As I sat under the dull sky of the autumn, staring at my husband and my child, crying quietly into their arms, I tried to paint that image into my mind to keep with me forever, for I would never know when would be the last.

♡♡♡

Our lives changed drastically since then. Sung Gyu had to go into a slow transition, changing the perks of his job to an amount that he could handle and we talked about the prospects of moving to a smaller house. Missus Lee who was heartbroken by the news offered to become a full time housekeeper and even a full time caregiver if she had to, and I too decided that it was time I moved on.

On the day that I stepped into his office for the very last time and handed in my resignation, Nam Woohyun looked at me with spite in his eyes. I hadn’t seen much of him after his ambiguous proposal that fell through, and ever since Sung Gyu’s diagnosis, I was on sick leave until I decided to resign. There was no possibility of me working alongside my ex-lover, remembering and remorsing the gravest mistake of my life. It was the most sensible way.

He accepted it, nonetheless, and asked me how things were; not in the way that he would have asked as Nam Woohyun-my lover, but simply as Nam Woohyun the chief editor. I told him  the truth. My husband was diagnosed with Alzheimer's disease. 

“Alzheimer’s disease?” Woohyun echoed, repeating the words as if it was an alien concept. “But he’s still young, isn’t he?”

I nodded  thickly, staring at the ground. “Early onset, coming from the family”

“It means he might be passing it to his children too” 

We already knew this as well, and prayed to god it hasn’t gone on to our only child. I said nothing, nor did Woohyun for a long time.

“And you’re alright with that?” He asked me. I lifted my head.

“He’s my husband”

“Yes, but he soon wouldn’t be” He went on, slowly transitioning into Nam Woohyun-the ex lover. “You know what would happen, right? He would wouldn’t remember how to do the most basic things let alone remember Yulhee or you”

I held my head high. “I know that very well”

He blinked as if I was going out of my mind. “Eunji, it’s not going to be easy, it’s going to take away your whole life”

“It’s my life, and I chose to spend it with him”

“And Yulhee?” he echoed incredulously. “She’s only four, she’s still a baby! You’re going to let this happen to her?”

“It’s her father”

Woohyun stared at me across the room. “You don’t seem to understand anything” He said eventually, rounded the table and approached me. “Eunji, when you could have had a better life, you’re throwing all that away to care for a sick man, when your daughter could be given the best, she’s going to have a father who wouldn’t even remember her!”
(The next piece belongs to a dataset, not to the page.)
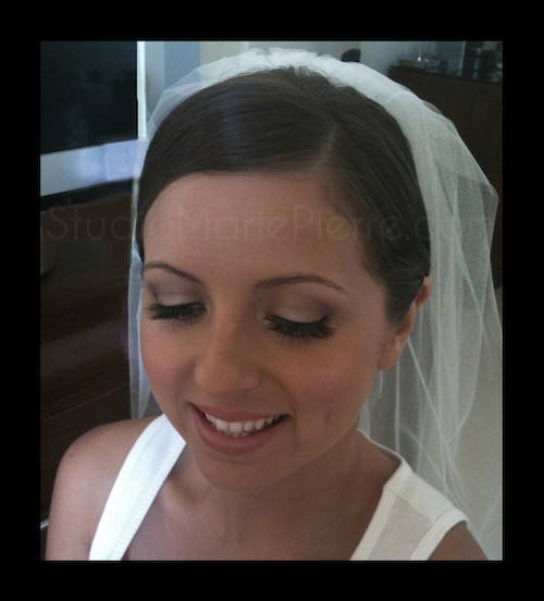 Randie’s foundation and blush were airbrushed to enhance her already angelic complexion and give her fresh rosy cheeks.  I wanted the focus to be on her big green eyes and opted to create a light smoky using a combination of vanilla, mauve, and gray eye shadows.  Randie already had very long lashes so I decided to match her length and  focus on thickening the lash line.  That method of application emphasized even more her eye shapes.  The lips were kept natural and glossy.
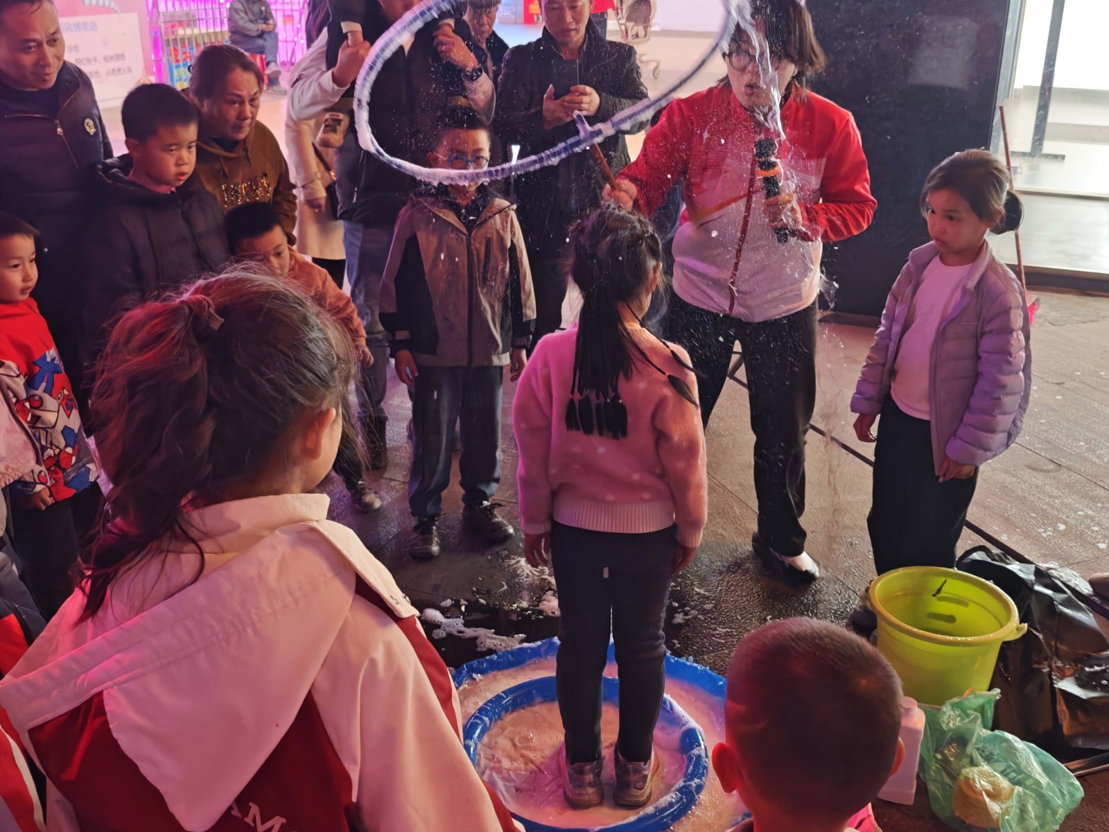 活動(dòng)在“五老”成員舞蹈隊(duì)活力滿滿的廣場(chǎng)舞《看江西》中開(kāi)場(chǎng),隊(duì)員們用躍動(dòng)舞步展現(xiàn)贛鄱生機(jī),臺(tái)下小朋友跟著節(jié)奏晃腦袋,家長(zhǎng)舉機(jī)記錄,親子互動(dòng)暖意融融。最受孩子歡迎的“科學(xué)秀”亮點(diǎn)紛呈:夢(mèng)幻泡泡秀裹住童聲笑語(yǔ);馬德堡半球?qū)嶒?yàn)里,孩子們擼袖合力拉球,憋紅臉喊“加油”;“逆流而上”實(shí)驗(yàn)中,水流沿管道向上奔涌,小不點(diǎn)兒踮腳探頭追問(wèn)“水咋會(huì)噴出來(lái)?”,科學(xué)的種子隨驚嘆生根。

I took back a cautious step, my blood boiling. “What are you trying to say?”

Woohyun lifted his hands, and then let them fall slack on his sides. “Come back to me” He replied, answering my suspicions. “Whatever happened, my heart never left you, and I would always be ready to have you again”

It was only then that I started seeing Nam Woohyun for who he truly was. “Are you asking me to leave my terminally ill husband for you, Nam Woohyun-Ssi?”

He stared at me helplessly. “Don’t take it like that,” He pleaded. “I’m just offering you a better life”

“I’ll take it as exactly how it is” I spat back, regretting every living moment I had spent on the likes of him. I made it to leave the room, to go to my cubicle and gather my things, to talk to Hyejoo, to cry into her arms. But him calling my name stopped me. A thought appeared in my mind.

“Woohyun-Ssi” I called back and turned to him. “If it was me, what would you do?”

It took a second for the question to sink into him, and I explained again. “If it was me who’s terminally ill, Woohyun-Ssi, what would you do?”

Woohyun remained silent, a questionable look on his face. He gazed at me, his eyes cold, distant, suddenly undesirable, and I knew.

“I thought so” I said into his silence, and walked out, leaving my shameful past behind.

 

Saying goodbye to Hyejoo and this part of my life wasn’t easy. She cried for hours and we ate both the best bibimbap and the best fried rice while making plans and promises which we didn’t even know we could keep. I walked out of the Seobuk commercial towers for one last time, carrying the three years of my life there in a cardboard box, and the framed photograph of my precious little family caught the shine of the descending sun and smiled at me.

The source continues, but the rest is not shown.